::: Given information :::
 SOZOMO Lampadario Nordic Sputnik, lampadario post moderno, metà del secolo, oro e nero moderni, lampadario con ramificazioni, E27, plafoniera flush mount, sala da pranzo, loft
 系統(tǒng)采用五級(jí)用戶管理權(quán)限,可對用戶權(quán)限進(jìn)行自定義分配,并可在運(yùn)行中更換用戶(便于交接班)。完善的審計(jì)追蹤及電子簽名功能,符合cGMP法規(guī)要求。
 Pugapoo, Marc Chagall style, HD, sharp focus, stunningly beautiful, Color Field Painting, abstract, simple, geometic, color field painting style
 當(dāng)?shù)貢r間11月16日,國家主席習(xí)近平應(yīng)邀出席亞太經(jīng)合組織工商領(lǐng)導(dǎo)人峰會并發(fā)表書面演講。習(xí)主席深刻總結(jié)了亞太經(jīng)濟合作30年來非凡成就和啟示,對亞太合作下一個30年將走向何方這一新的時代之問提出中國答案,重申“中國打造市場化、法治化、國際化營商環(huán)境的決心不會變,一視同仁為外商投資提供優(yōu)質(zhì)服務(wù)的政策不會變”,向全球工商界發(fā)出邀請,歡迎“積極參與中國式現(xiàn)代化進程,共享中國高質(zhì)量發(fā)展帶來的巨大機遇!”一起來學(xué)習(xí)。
:::
::: Given information :::
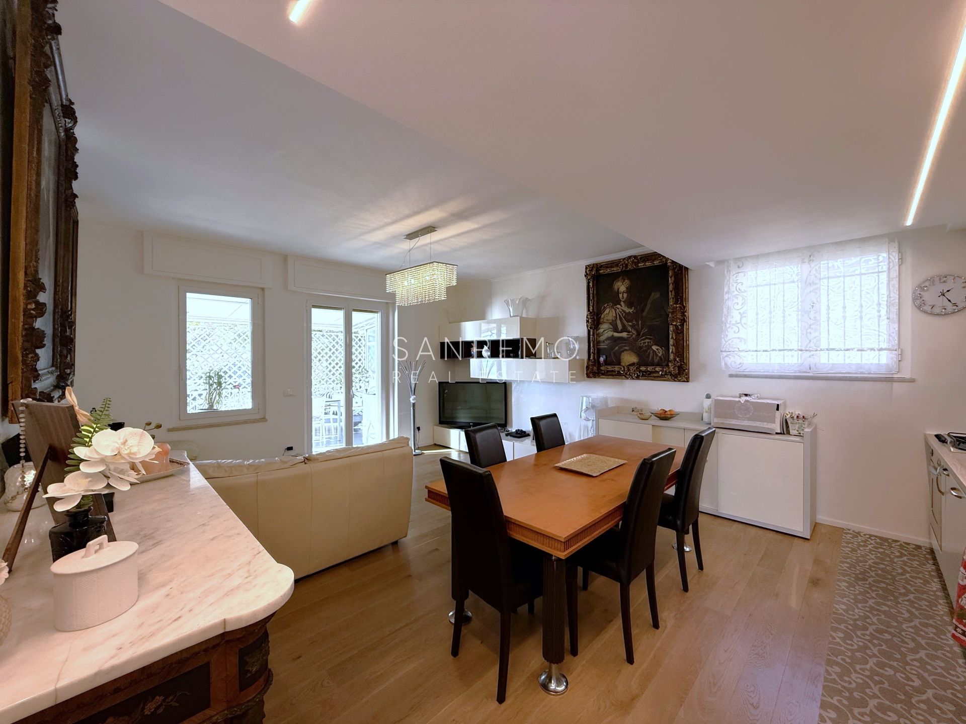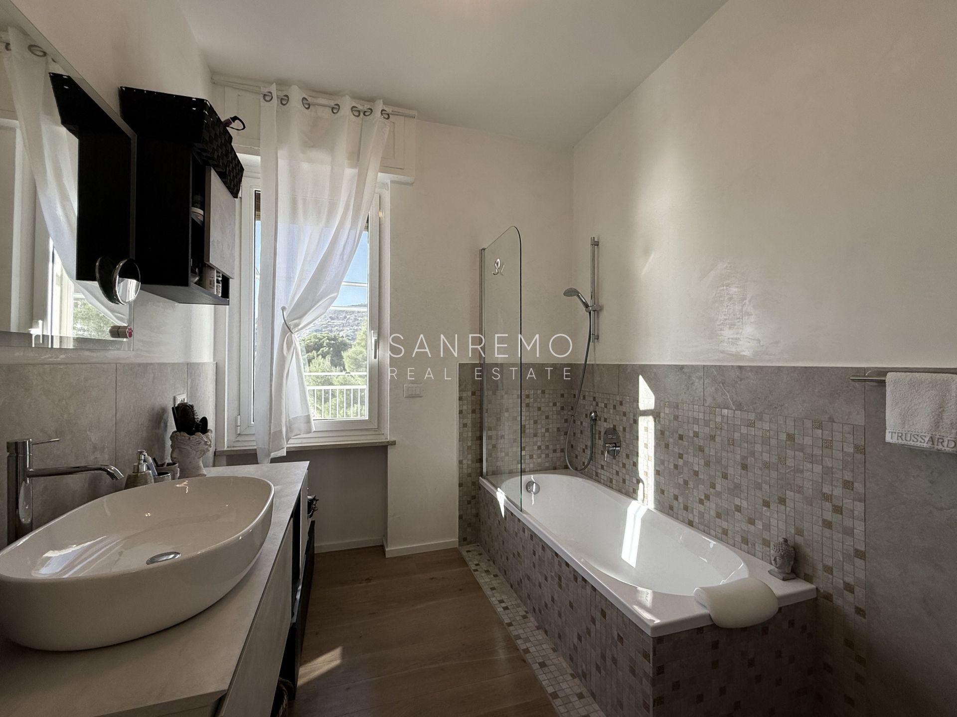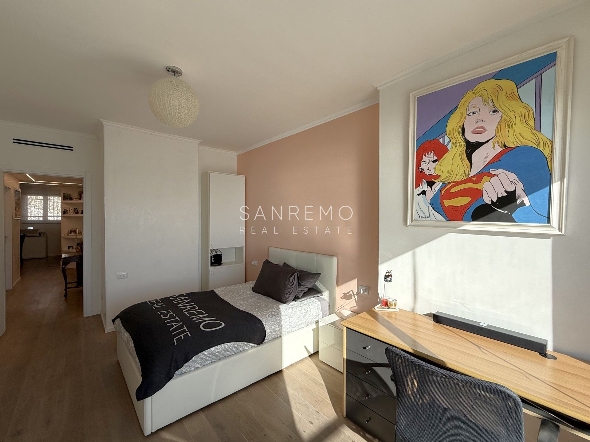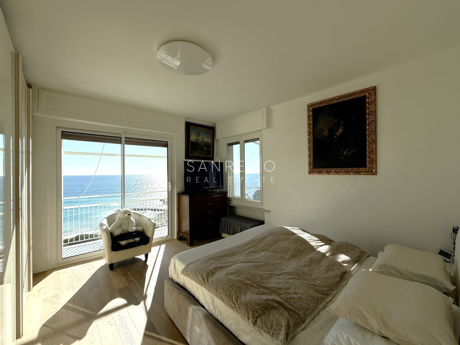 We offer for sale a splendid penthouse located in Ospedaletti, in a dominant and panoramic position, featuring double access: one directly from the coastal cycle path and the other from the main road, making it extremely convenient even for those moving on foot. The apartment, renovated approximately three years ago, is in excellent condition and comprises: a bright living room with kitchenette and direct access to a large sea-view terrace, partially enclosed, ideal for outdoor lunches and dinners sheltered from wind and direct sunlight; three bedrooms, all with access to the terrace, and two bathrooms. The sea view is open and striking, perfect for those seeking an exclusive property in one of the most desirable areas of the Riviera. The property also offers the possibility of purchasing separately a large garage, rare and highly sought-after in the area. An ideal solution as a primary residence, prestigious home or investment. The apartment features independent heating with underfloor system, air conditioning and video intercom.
:::
::: Given information :::
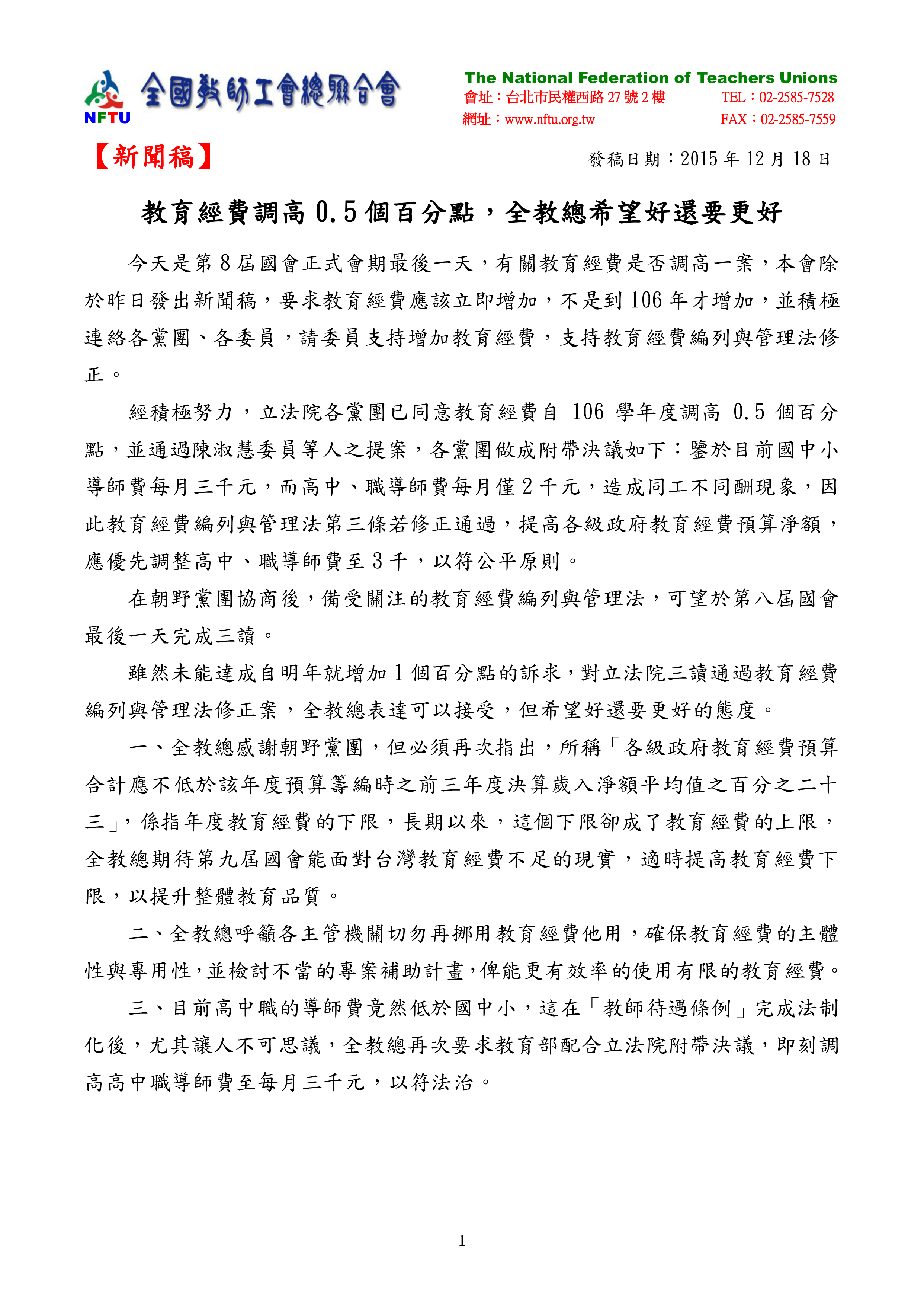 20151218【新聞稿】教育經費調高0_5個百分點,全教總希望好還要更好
:::
| Exercise details |
Above are the entries. Output exactly the lines beginning with the line that has "系統(tǒng)采用五級(j" and ending with the line that has "當(dāng)?shù)貢r".

| Exercise result |
 系統(tǒng)采用五級(jí)用戶管理權(quán)限,可對用戶權(quán)限進(jìn)行自定義分配,并可在運(yùn)行中更換用戶(便于交接班)。完善的審計(jì)追蹤及電子簽名功能,符合cGMP法規(guī)要求。
 Pugapoo, Marc Chagall style, HD, sharp focus, stunningly beautiful, Color Field Painting, abstract, simple, geometic, color field painting style
 當(dāng)?shù)貢r間11月16日,國家主席習(xí)近平應(yīng)邀出席亞太經(jīng)合組織工商領(lǐng)導(dǎo)人峰會并發(fā)表書面演講。習(xí)主席深刻總結(jié)了亞太經(jīng)濟合作30年來非凡成就和啟示,對亞太合作下一個30年將走向何方這一新的時代之問提出中國答案,重申“中國打造市場化、法治化、國際化營商環(huán)境的決心不會變,一視同仁為外商投資提供優(yōu)質(zhì)服務(wù)的政策不會變”,向全球工商界發(fā)出邀請,歡迎“積極參與中國式現(xiàn)代化進程,共享中國高質(zhì)量發(fā)展帶來的巨大機遇!”一起來學(xué)習(xí)。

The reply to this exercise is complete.